Input ::
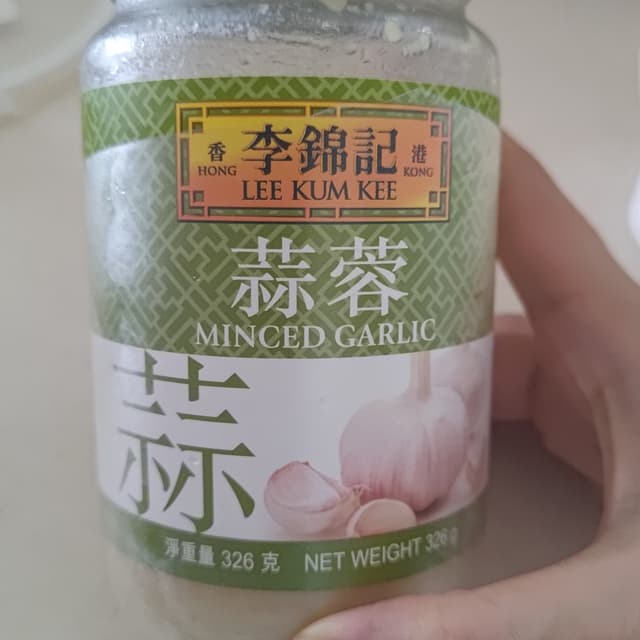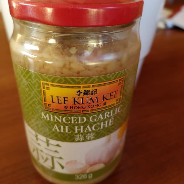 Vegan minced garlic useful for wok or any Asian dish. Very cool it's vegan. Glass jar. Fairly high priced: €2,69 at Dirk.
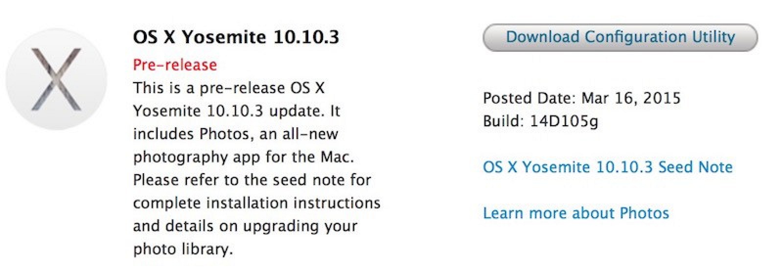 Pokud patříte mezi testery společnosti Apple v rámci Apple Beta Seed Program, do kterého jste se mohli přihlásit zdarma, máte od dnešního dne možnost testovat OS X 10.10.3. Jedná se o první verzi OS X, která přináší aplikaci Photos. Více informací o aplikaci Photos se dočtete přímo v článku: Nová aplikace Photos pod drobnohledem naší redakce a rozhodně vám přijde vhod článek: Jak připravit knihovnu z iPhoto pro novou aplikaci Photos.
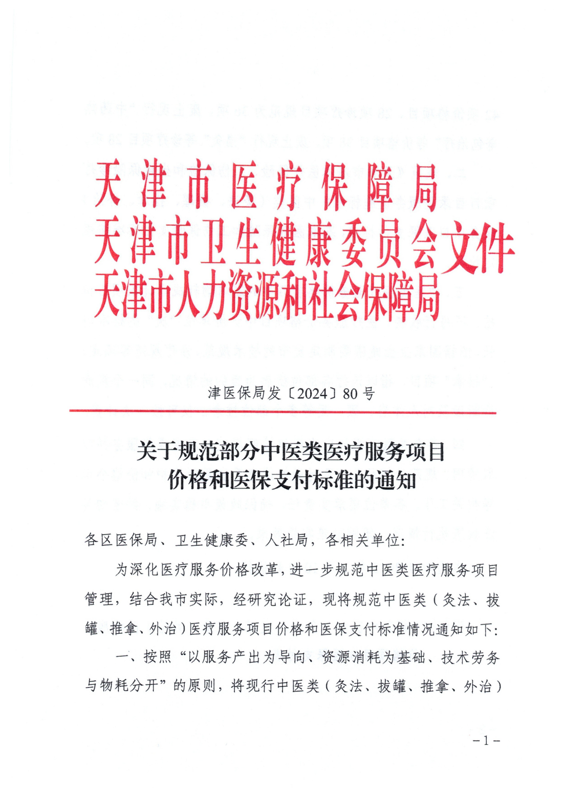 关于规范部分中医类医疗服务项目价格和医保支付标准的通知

---

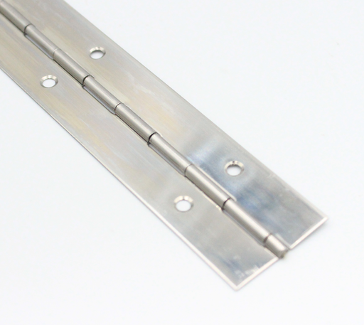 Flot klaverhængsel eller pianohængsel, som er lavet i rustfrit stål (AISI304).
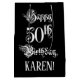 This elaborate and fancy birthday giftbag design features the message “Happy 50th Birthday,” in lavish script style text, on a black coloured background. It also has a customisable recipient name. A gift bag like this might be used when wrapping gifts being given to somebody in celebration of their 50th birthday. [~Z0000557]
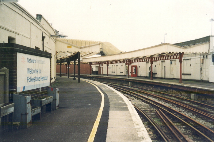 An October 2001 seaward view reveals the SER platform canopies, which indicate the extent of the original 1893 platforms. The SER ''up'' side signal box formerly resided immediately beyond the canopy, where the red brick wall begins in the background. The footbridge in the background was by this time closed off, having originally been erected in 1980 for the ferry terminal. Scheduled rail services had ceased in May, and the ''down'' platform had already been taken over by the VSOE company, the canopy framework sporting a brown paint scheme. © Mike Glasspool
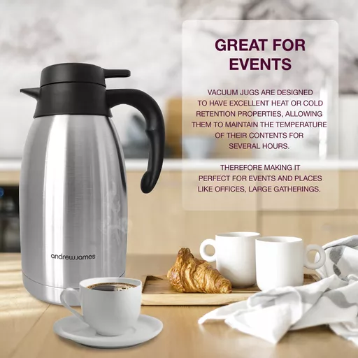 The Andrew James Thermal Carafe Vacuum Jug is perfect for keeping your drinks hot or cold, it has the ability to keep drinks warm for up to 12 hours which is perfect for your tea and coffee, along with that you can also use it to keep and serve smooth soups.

What to do :: Exact repeat of the material above: every line from the one with "Vegan minced garlic" through the one with "关于规范部分中医类医疗服务项目价格和医保支付标准的通知", endpoints included, and nothing more. No pictures.

Written response ::
 Vegan minced garlic useful for wok or any Asian dish. Very cool it's vegan. Glass jar. Fairly high priced: €2,69 at Dirk.
 Pokud patříte mezi testery společnosti Apple v rámci Apple Beta Seed Program, do kterého jste se mohli přihlásit zdarma, máte od dnešního dne možnost testovat OS X 10.10.3. Jedná se o první verzi OS X, která přináší aplikaci Photos. Více informací o aplikaci Photos se dočtete přímo v článku: Nová aplikace Photos pod drobnohledem naší redakce a rozhodně vám přijde vhod článek: Jak připravit knihovnu z iPhoto pro novou aplikaci Photos.
 关于规范部分中医类医疗服务项目价格和医保支付标准的通知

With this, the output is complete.